Research to date, including the current study, indicate a stable pattern of results for females in which hypermasculinised facial appearance has been reported in prepubescent girls with ASD (in the current study) and in women with ASD28 compared to their typically-developing counterparts. However, the association between facial masculinity and autistic behaviours has been less consistent for males. While the current study found clear evidence for hypermasculinised facial features in boys with ASD, Bejerot et al.28 did not observe a difference in the facial features of autistic and non-autistic men. We raise two possibilities for the discrepant findings between the two studies.
First, there were considerable differences between studies in the methodologies used to examine facial features. Bejerot et al.28 took two-dimensional facial photographs of autistic and non-autistic adults, and had eight naïve observers rate each face for ‘gender coherence’, whereas the current study used landmark data from 3D images of autistic and non-autistic children to create objective measurements of sexually dimorphic facial features. Although existing evidence suggests that the subjective ratings of facial masculinity/femininity and the combined use of linear and geodesic measurements are positively correlated36, the study undertaken by Bejerot et al.28 did not directly examine masculinity/femininity. The authors interpreted low gender coherence ratings as being less feminine for females and less masculine for males, but the connotation of “gender coherence” is arguably ambiguous, that is, a less gender typical face could indicate an extremely high or an extremely low degree of masculinity/femininity. Second, the current study employed 3D photogrammetry which measures facial shape with submillimetre accuracy.

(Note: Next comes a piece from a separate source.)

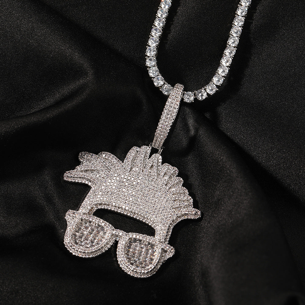 Jewelry Hip Hop Diamond Necklace Trendy Glasses Pendant Spectrum

It is possible that this high measurement precision identified more subtle sexually dimorphic effects that are unable to be observed through subjective ratings. Bejerot et al. did report subjective ratings of increased masculinity (or androgyny) in adult females with ASD, which suggests the possibility that increased facial masculinity in males with ASD may be a more subtle effect than that observed in females with ASD.
Nevertheless, despite using similar methodology as the one described in Gilani et al.26, the outcomes of the current study run counter to the findings reported in Gilani et al.26 in which more androgynous features were found in neurotypical adults with higher levels of autistic traits. An important difference between the two studies is that the current study investigated pre-pubertal children, whereas Gilani et al.26 (and also Bejerot et al.28) examined post-pubertal adults. The surge of serum testosterone concentrations during puberty is 20–30-fold higher in males compared with females45, and previous studies of general population samples have found that salivary testosterone levels of 12–18-year-olds are related to sexually dimorphic facial features31. While recent evidence suggests that prenatal testosterone exposure has a greater influence than postnatal testosterone on facial morphology in adulthood24, the influence of pubertal testosterone cannot be ruled out. One further possibility for the discrepant findings relates to the differences in how Gilani et al.26 and the current study measured facial distances—Gilani et al.26 measured linear distances between two facial landmarks while the current study included both linear and geodesic distances. The use of both linear and geodesic distances provides considerably higher measurement precision. Furthermore, eight of 11 distances that were identified as sexually dimorphic in Study 1 were geodesic distances. Future studies examining both linear and geodesic distances in adults with ASD will build on the findings presented here.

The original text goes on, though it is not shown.